About this task >>
Copy each line below as written, but skip the pictures.

Data >>
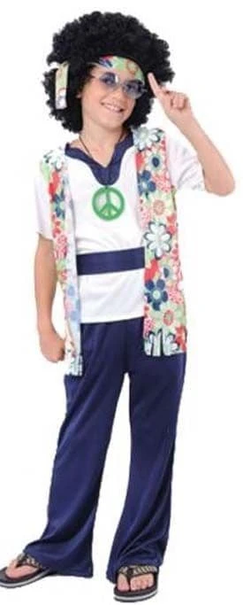 Boys Hippie Fancy Dress Costume, includes Shirt with attached Waiscoat, Blue Trousers, Headband, Belt and Medallion.
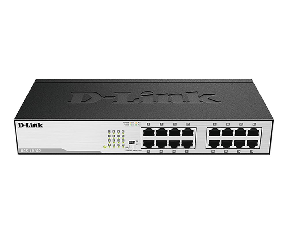 D-Link DGS-1016D is a 16-port Gigabit unmanaged desktop switch designed for fast, reliable, and simple LAN expansion in office and commercial networks.
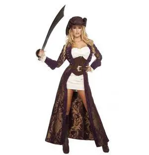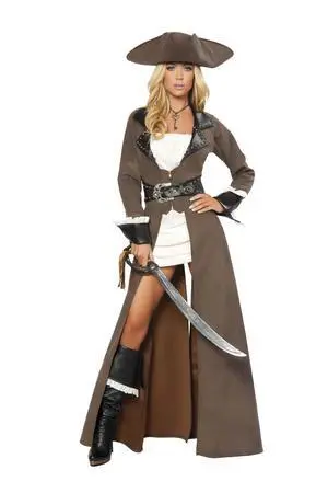 Roma Costume 3pc Deluxe Pirate Queen, Grey/Black, S

Solution to this task >>
 Boys Hippie Fancy Dress Costume, includes Shirt with attached Waiscoat, Blue Trousers, Headband, Belt and Medallion.
 D-Link DGS-1016D is a 16-port Gigabit unmanaged desktop switch designed for fast, reliable, and simple LAN expansion in office and commercial networks.
 Roma Costume 3pc Deluxe Pirate Queen, Grey/Black, S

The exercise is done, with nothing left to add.